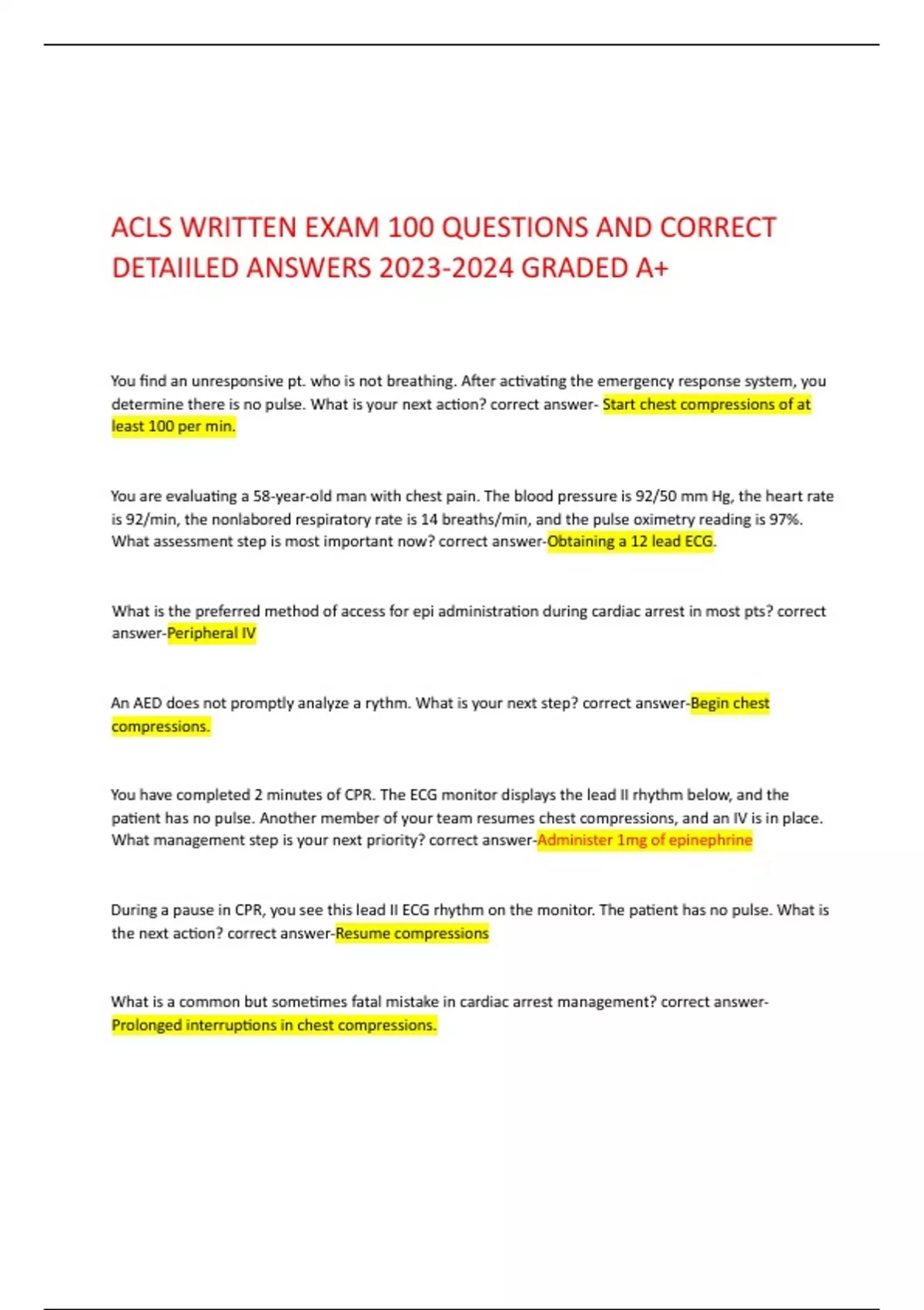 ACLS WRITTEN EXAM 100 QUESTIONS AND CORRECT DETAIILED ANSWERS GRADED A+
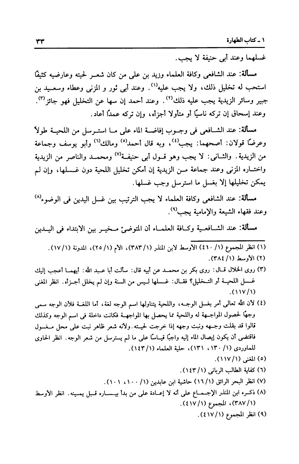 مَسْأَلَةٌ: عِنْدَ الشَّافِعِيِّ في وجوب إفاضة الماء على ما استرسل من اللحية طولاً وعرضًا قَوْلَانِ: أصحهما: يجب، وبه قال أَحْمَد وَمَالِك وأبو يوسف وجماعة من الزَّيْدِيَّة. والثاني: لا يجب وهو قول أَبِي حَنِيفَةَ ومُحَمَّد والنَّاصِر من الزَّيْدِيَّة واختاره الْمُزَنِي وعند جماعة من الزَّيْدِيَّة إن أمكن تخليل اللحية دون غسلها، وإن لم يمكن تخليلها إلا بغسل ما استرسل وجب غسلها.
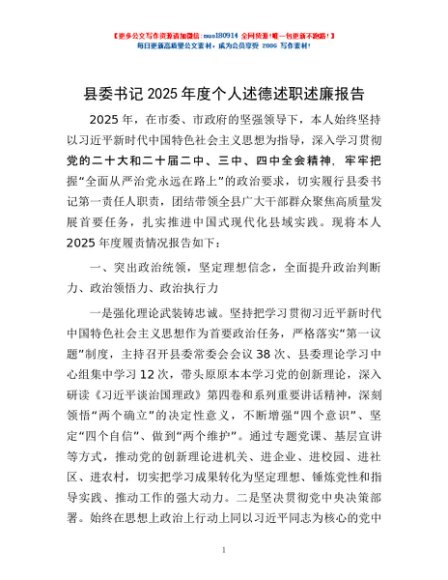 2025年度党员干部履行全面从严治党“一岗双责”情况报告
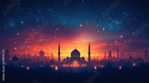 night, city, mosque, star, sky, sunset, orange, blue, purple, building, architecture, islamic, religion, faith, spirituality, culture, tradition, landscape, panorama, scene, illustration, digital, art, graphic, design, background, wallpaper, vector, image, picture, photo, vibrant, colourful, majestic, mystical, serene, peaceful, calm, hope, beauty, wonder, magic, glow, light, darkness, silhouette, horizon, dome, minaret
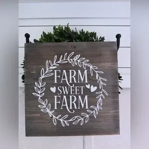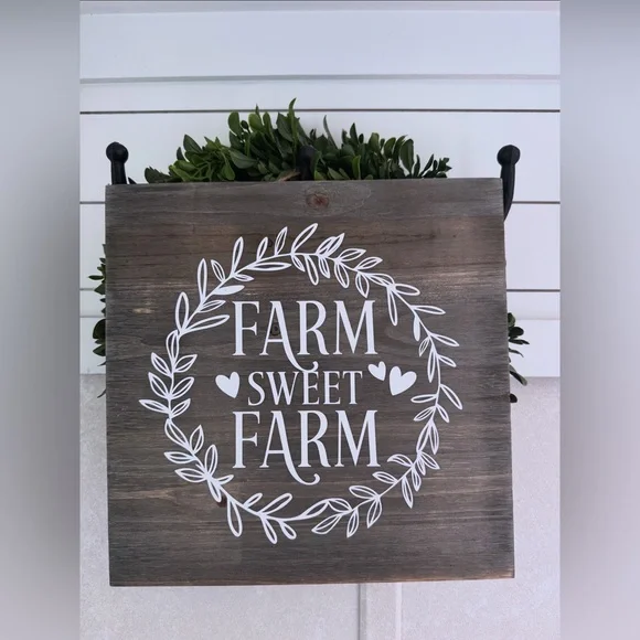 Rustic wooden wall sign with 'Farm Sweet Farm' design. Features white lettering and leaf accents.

Task instructions: Copy out the entries above in full and exactly, skipping every picture.

Answer space:
 ACLS WRITTEN EXAM 100 QUESTIONS AND CORRECT DETAIILED ANSWERS GRADED A+
 مَسْأَلَةٌ: عِنْدَ الشَّافِعِيِّ في وجوب إفاضة الماء على ما استرسل من اللحية طولاً وعرضًا قَوْلَانِ: أصحهما: يجب، وبه قال أَحْمَد وَمَالِك وأبو يوسف وجماعة من الزَّيْدِيَّة. والثاني: لا يجب وهو قول أَبِي حَنِيفَةَ ومُحَمَّد والنَّاصِر من الزَّيْدِيَّة واختاره الْمُزَنِي وعند جماعة من الزَّيْدِيَّة إن أمكن تخليل اللحية دون غسلها، وإن لم يمكن تخليلها إلا بغسل ما استرسل وجب غسلها.
 2025年度党员干部履行全面从严治党“一岗双责”情况报告
 night, city, mosque, star, sky, sunset, orange, blue, purple, building, architecture, islamic, religion, faith, spirituality, culture, tradition, landscape, panorama, scene, illustration, digital, art, graphic, design, background, wallpaper, vector, image, picture, photo, vibrant, colourful, majestic, mystical, serene, peaceful, calm, hope, beauty, wonder, magic, glow, light, darkness, silhouette, horizon, dome, minaret
 Rustic wooden wall sign with 'Farm Sweet Farm' design. Features white lettering and leaf accents.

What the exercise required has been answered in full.